Der Großteil der Corona-Patienten auf den Intensivstationen hat einen Migrationshintergrund.

Das zeige „sehr deutlich, daß es offensichtlich eine Gruppe gibt, die die Politik mit Corona-Warnungen überhaupt nicht erreicht. Das sind Menschen mit Migrationshintergrund“, sagte der Chef der Lungenklinik Moers, Thomas Voshaar, laut Bild-Zeitung Mitte Februar in einer Telefonkonferenz von Chefärzten mit dem Chef des Robert-Koch-Instituts, Lothar Wieler.

Vorshaar habe weiter ausgeführt: „Nach meiner Erhebung hatten immer über 90 Prozent der intubierten, schwerst kranken Patienten einen Migrationshintergrund.

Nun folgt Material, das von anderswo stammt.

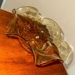 Midcentury Glass Handkerchief Bowl Viking Amber Candy/Fruit Bowl 8.5”x4.5”

Wir haben uns intern darauf geeinigt, daß wir solche Kranke als ‘Patienten mit Kommunikationsbarriere’ bezeichnen wollen.“ Der Leiter der Klinik berief sich demnach auf Auswertungen von November 2020 bis Januar 2021.

RKI-Chef Wieler habe betont: „Ich habe das genauso gehört. Aber es ist ein Tabu. Ich habe versucht, auf bestimmte Menschen zuzugehen. Wir müssen über Imame auf diese Religionsgruppe eingehen. Das Ganze hat für Berlin riesige Auswirkungen. Das ist ein echtes Problem“, zitiert ihn die Bild-Zeitung.